Flow Network based Generative Models for Non-Iterative Diverse Candidate Generation

TL;DR

This paper introduces GFlowNet, a flow network-based generative model that efficiently produces diverse high-reward objects, such as molecules, by learning a stochastic policy that captures the distribution proportional to a reward function.

Contribution

The paper presents GFlowNet, a novel approach that leverages flow networks and Temporal Difference learning principles to generate diverse solutions efficiently, addressing limitations of traditional methods like MCMC.

Findings

GFlowNet achieves higher diversity in generated samples.

The method effectively models complex reward landscapes with multiple modes.

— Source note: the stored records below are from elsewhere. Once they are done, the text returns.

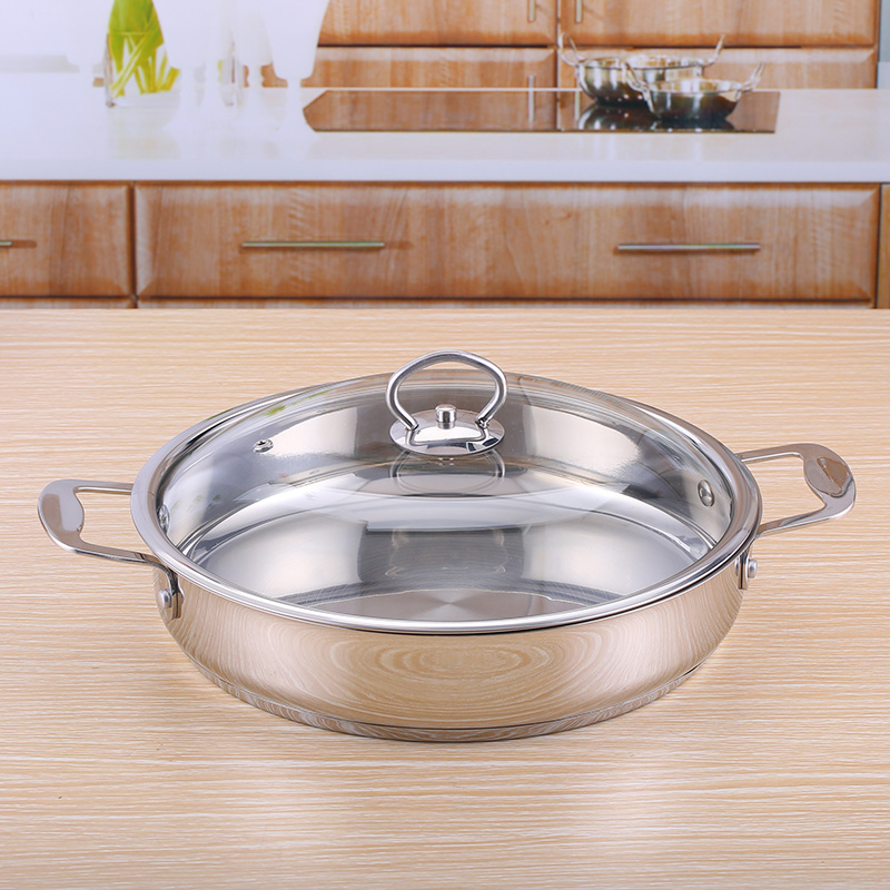 不锈钢浅底焖锅锅汤锅平底火锅海鲜锅三汁无水专用家用电磁炉玻璃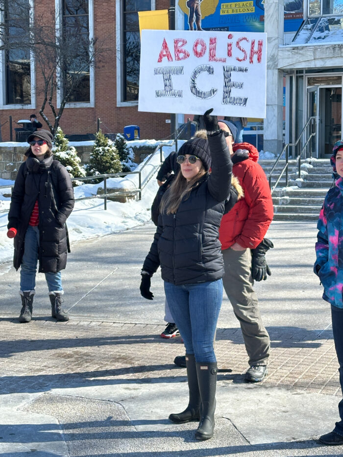 A demonstrator holds up a sign with “Abolish ICE” in front of the West Virginia University Mountainlair on Jan. 30, 2026.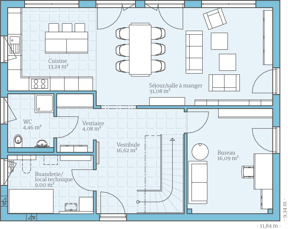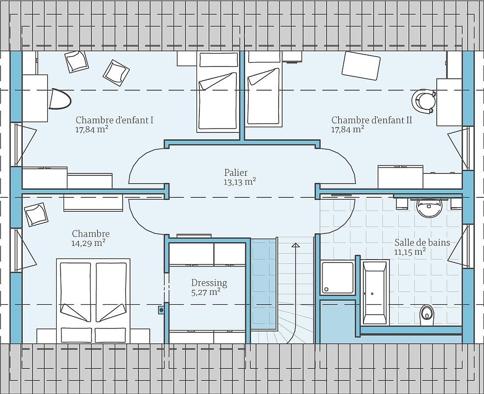 Ce modèle de plan peut être agrandi avec un pignon traversier pour ainsi créer ainsi une troisième chambre d'enfants.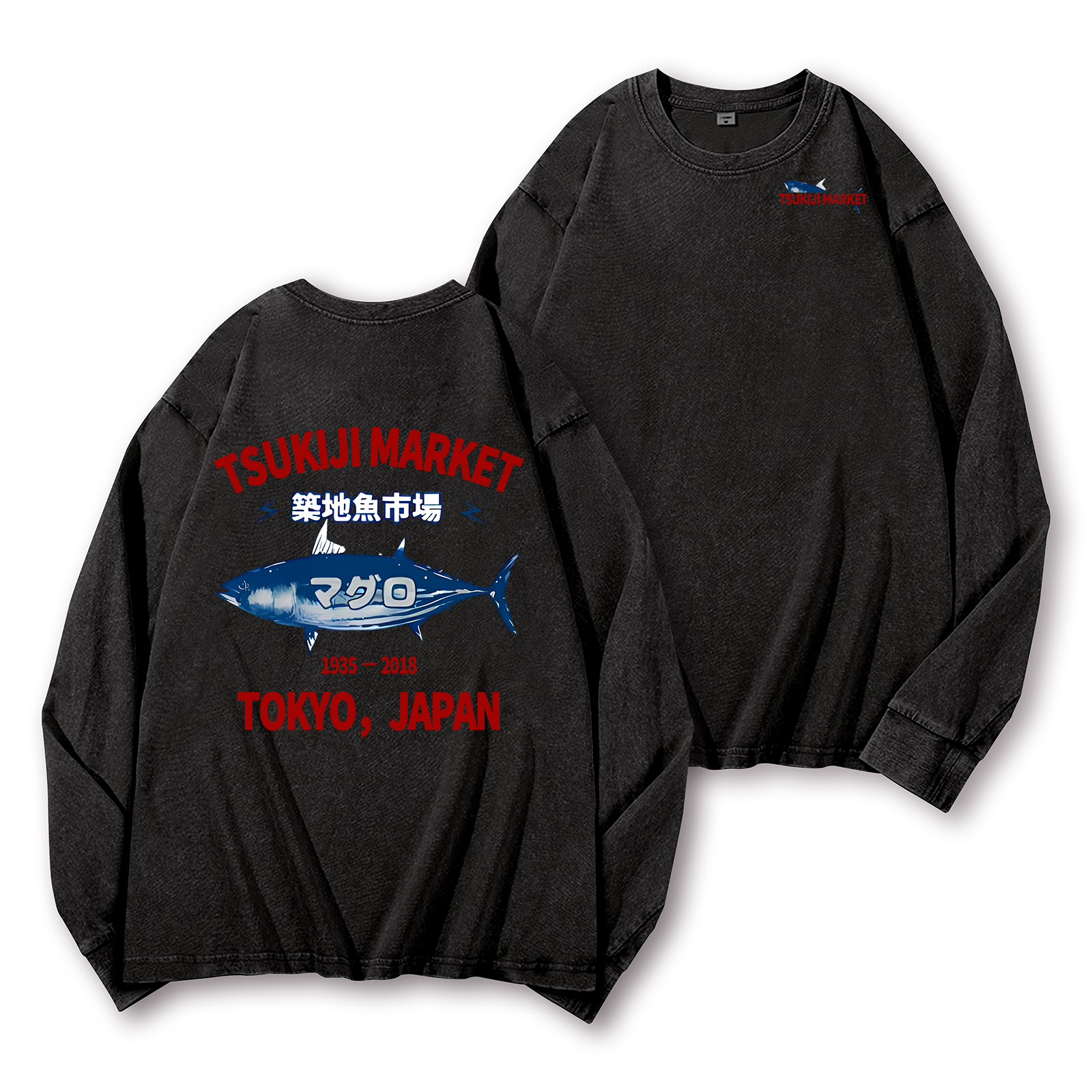 Tsukiji Market Tuna Fish Tokyo Japan Vintage Washed Cotton Back Art Long-sleeve T-shirt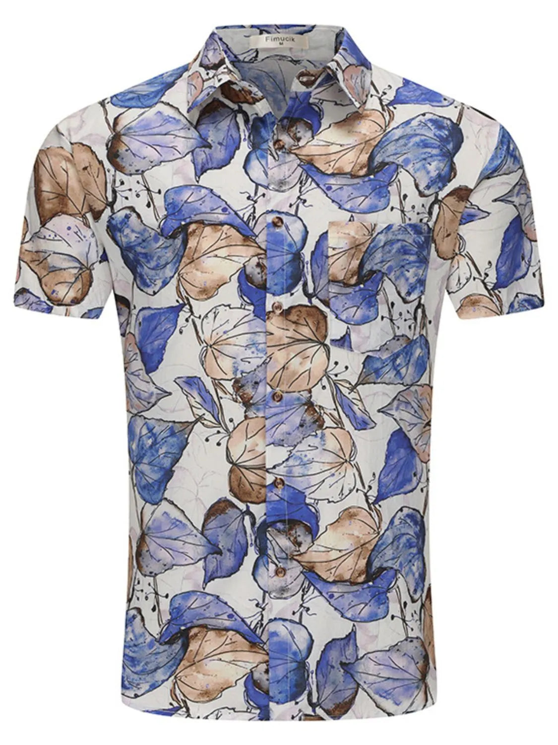 Men's Plus Size Printed Button Up Long Sleeve Shirt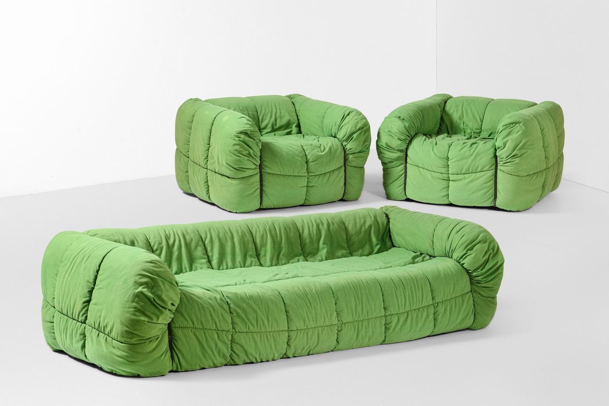Salotto composto da un divano e due poltrone in poliuretano espanso. Rivestimenti in tessuto.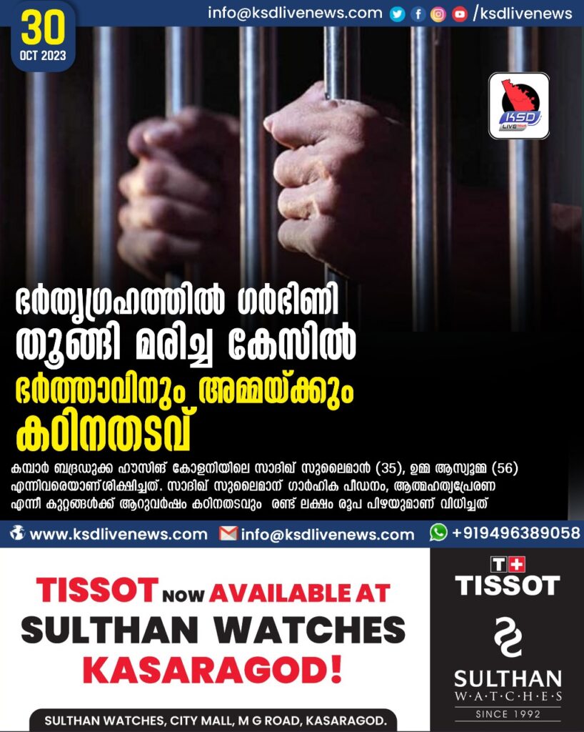 കമ്പാർ ബദ്രഡുക്ക ഹൗസിങ് കോളനിയിലെ സാദിഖ് സുലൈമാൻ (35), ഉമ്മ ആസ്യൂമ്മ (56) എന്നിവരെയാണ്ശിക്ഷിച്ചത്. സാദിഖ് സുലൈമാന് ഗാർഹിക പീഡനം, ആത്മഹത്യപ്രേരണ എന്നീ കുറ്റങ്ങൾക്ക് ആറുവർഷം കഠിനതടവും രണ്ട് ലക്ഷം രൂപ പിഴയുമാണ് വിധിച്ചത്. പിഴയടച്ചില്ലെങ്കിൽ ഒരുവർഷം കൂടി തടവ് അനുഭവിക്കണം. ഉമ്മ ആസ്യൂമ്മക്ക് ഗാർഹികപീഡനം, ആത്മഹത്യാപ്രേരണ എന്നീ കുറ്റങ്ങൾക്ക് രണ്ടുവർഷം കഠിനതടവും രണ്ടുലക്ഷം രൂപപിഴയും വിധിച്ചു. പിഴയടച്ചില്ലെങ്കിൽ നാലുമാസം അധികതടവും അനുഭവിക്കണം. പ്രോസിക്യൂഷനുവേണ്ടി അഡീഷണൽ ഗവ. പ്ലീഡർ ഇ ലോഹിതാക്ഷൻ ഹാജരായി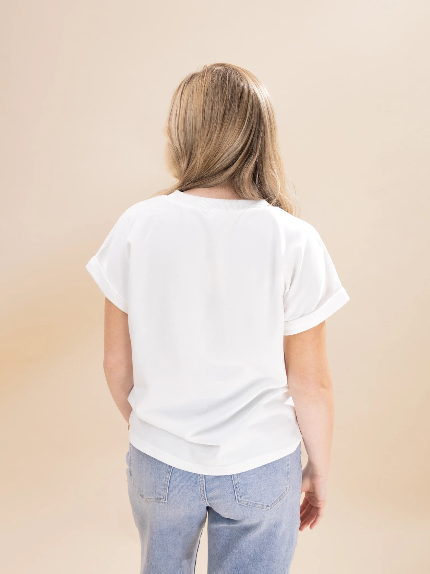Crimsen (long blonde hair) is 5’1, 34B bra, typically wears size S in tops and 3 in denim. Wearing size S

GFlowNet demonstrates improved performance on molecule synthesis tasks.

Abstract

This paper is about the problem of learning a stochastic policy for generating an object (like a molecular graph) from a sequence of actions, such that the probability of generating an object is proportional to a given positive reward for that object. Whereas standard return maximization tends to converge to a single return-maximizing sequence, there are cases where we would like to sample a diverse set of high-return solutions. These arise, for example, in black-box function optimization when few rounds are possible, each with large batches of queries, where the batches should be diverse, e.g., in the design of new molecules. One can also see this as a problem of approximately converting an energy function to a generative distribution. While MCMC methods can achieve that, they are expensive and generally only perform local exploration. Instead, training a generative policy amortizes the cost of search during training and yields to fast generation. Using insights from Temporal Difference learning, we propose GFlowNet, based on a view of the generative process as a flow network, making it possible to handle the tricky case where different trajectories can yield the same final state, e.g., there are many ways to sequentially add atoms to generate some molecular graph. We cast the set of trajectories as a flow and convert the flow consistency equations into a learning objective, akin to the casting of the Bellman equations into Temporal Difference methods. We prove that any global minimum of the proposed objectives yields a policy which samples from the desired distribution, and demonstrate the improved performance and diversity of GFlowNet on a simple domain where there are many modes to the reward function, and on a molecule synthesis task.